最好的方法是什么? So far the only thing I was able to come out with is the following awful-looking function:
到目前为止,我唯一能想到的就是以下可怕的功能:
wc = ''.join(wc.split()).upper()
wc = re.sub(r'(?<![\[-])(\d+)(?![\]-])', r'[\1-\1]', wc)

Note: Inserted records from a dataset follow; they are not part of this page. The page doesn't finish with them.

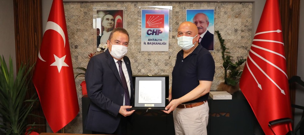 Antalya Büyükşehir Belediye Başkanı Muhittin Böcek, Cumhuriyet Halk Partisi Antalya İl Başkanlığını ziyaret etti. İl Başkanı Nuri Cengiz’in, “Evinize hoş geldiniz” diyerek karşıladığı Başkan Muhittin Böcek, “Mensubu olmaktan gurur duyduğum partimi ziyarete geldim, hoş buldum” dedi.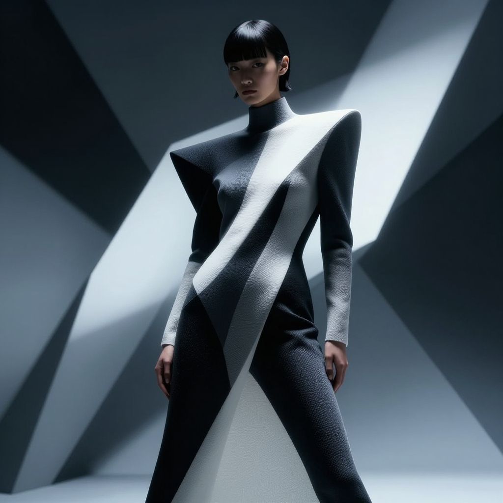 1girl, Textured garments, poised poise, dramatic angles, geometric shapes, contrasts of light and shadow, slick futurism, avant-garde styling, high-tech backdrop, crisp lines, ultra-high resolution
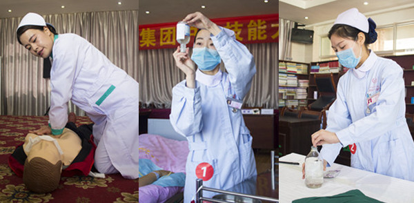 在比赛正式开始后,一位位选手们轮流登场参赛,虽说仍然不能完全压抑各自内心的紧张与激动,但在之前的充分准备之下,我们的美女护士们个个胸有成竹,非常自信而平静地操作起来,就仿佛自己又回到了平时最熟悉不过的工作岗位,操作之前的问询、八步洗手法洗手、准备所需的物品……一条条专业规范的护士技能操作步骤在她们忙碌的身影中有条不紊的呈现而出,展现着“白衣天使”那圣洁美丽而又熟为人知的面容与精神!

wc = re.sub(r'X', r'[0-255]', wc).split('.')
ips = []
for i in range(int(re.findall(r'(\d+)-(\d+)', wc[0])[0][0]), int(re.findall(r'(\d+)-(\d+)', wc[0])[0][1]) + 1):
for j in range(int(re.findall(r'(\d+)-(\d+)', wc[1])[0][0]), int(re.findall(r'(\d+)-(\d+)', wc[1])[0][1]) + 1):
for k in range(int(re.findall(r'(\d+)-(\d+)', wc[2])[0][0]), int(re.findall(r'(\d+)-(\d+)', wc[2])[0][1]) + 1):
for p in range(int(re.findall(r'(\d+)-(\d+)', wc[3])[0][0]), int(re.findall(r'(\d+)-(\d+)', wc[3])[0][1]) + 1):
ips.append(str(i) + '.' + str(j) + '.' + str(k) + '.' + str(p))
return ips
Any improvement ideas would be greatly appreciated. 任何改进的想法将不胜感激。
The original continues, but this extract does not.